What is needed
Skip every picture, and copy exactly the lines from the one containing "- the head portion" to the end of the data.

Entries taken from a collection
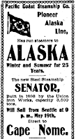 Three days prior to when they article ran, the SS Excelsior arrived in San Francisco with over $500,000 worth of gold. These two reports prompted an immediate stampede to Nome, Alaska by thousands of men and women to seek their fortune. The percentage of those who “struck it rich” was small, with merchants, suppliers, and service providers often earning more than the miners. Before they could dig for gold, the miners had to find a way to the gold fields. The land route was long and treacherous. Travelers on this course had the choice of carrying several hundred tons of foods and necessities with them or purchasing the items at exorbitant rates upon their arrival. Most prospectors elected to make the trip via steamship, either from San Francisco or Seattle.
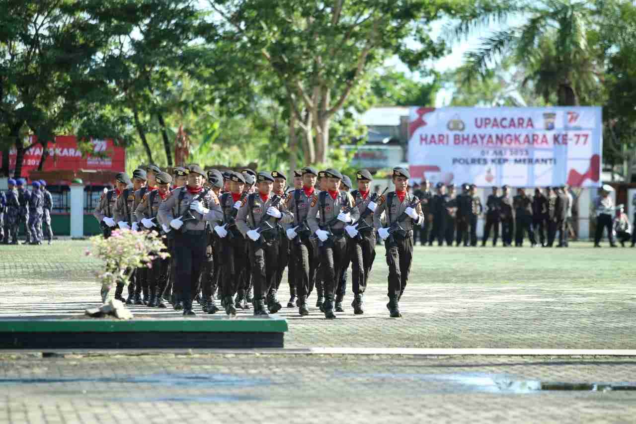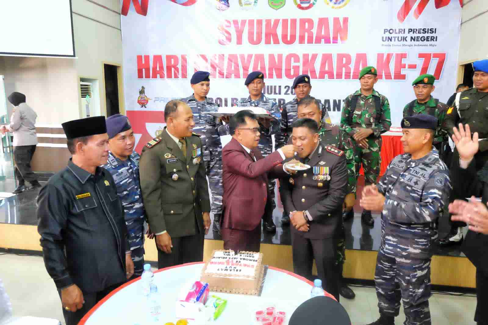 Usai upacara yang dipimpin langsung oleh Kapolres Kepulauan Meranti AKBP Andi Yul LTG, kegiatan dilanjutkan dengan syukuran di Aula Kantor Bupati Kepulauan Meranti. AKBP Andi Yul LTG menyampaikan ucapan terima kasih kepada Plt. Bupati dan jajaran Forkopimda Meranti yang terus bersinergi mendukung pelaksanaan tugas Kepolisian.
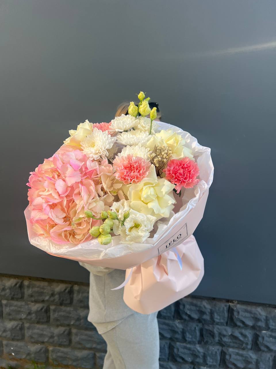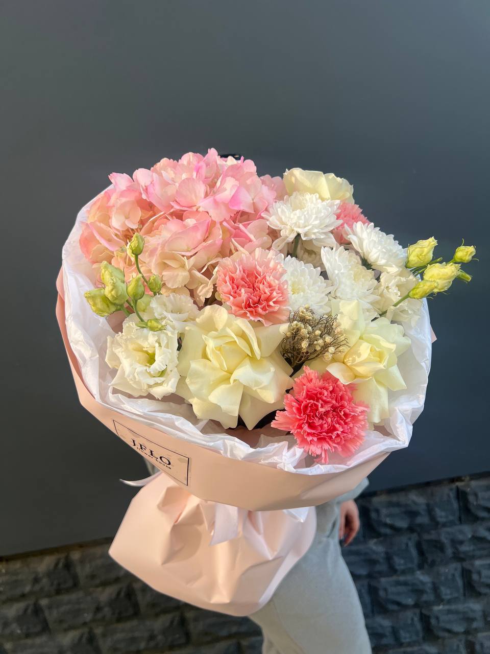 Семь соцветий гортензии раскрываются воздушным облаком с мягкими переходами оттенков. Букет дарит ощущение лёгкости и свежести летнего сада в любое время года.
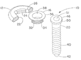 - the head portion 46 further includes a torque driving recess 52 , with an optional bore 80 which retains the screw 54 on the post of a screwdriver.
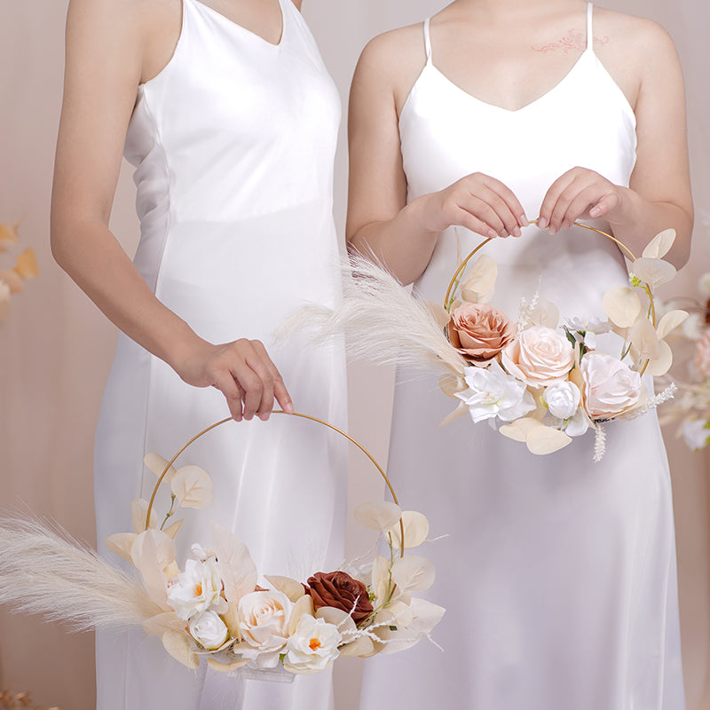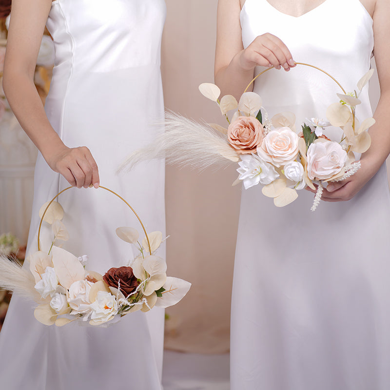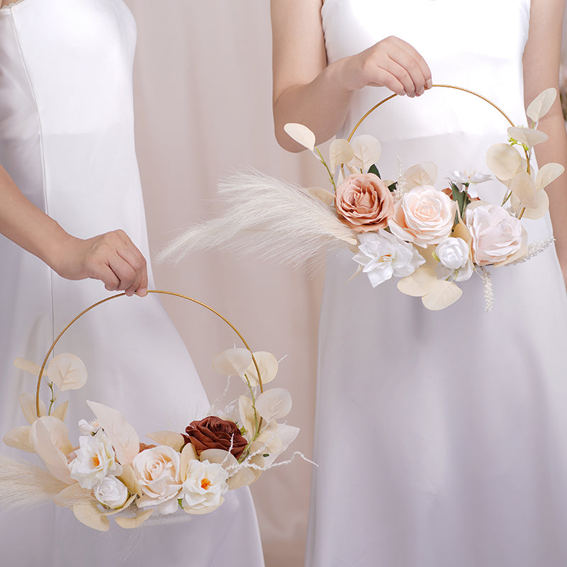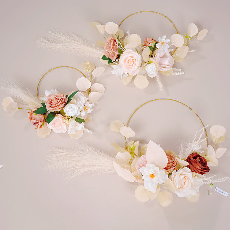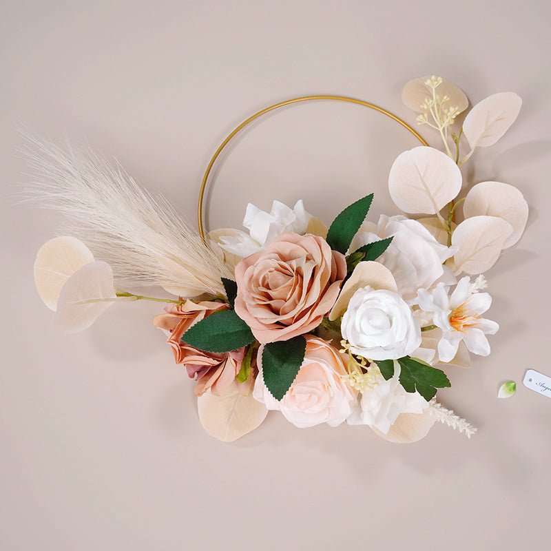 A86389 Champagne Rose Shelf Hoop Flower Wedding Flower Arrangement Accessories

Task answer
 - the head portion 46 further includes a torque driving recess 52 , with an optional bore 80 which retains the screw 54 on the post of a screwdriver.
 A86389 Champagne Rose Shelf Hoop Flower Wedding Flower Arrangement Accessories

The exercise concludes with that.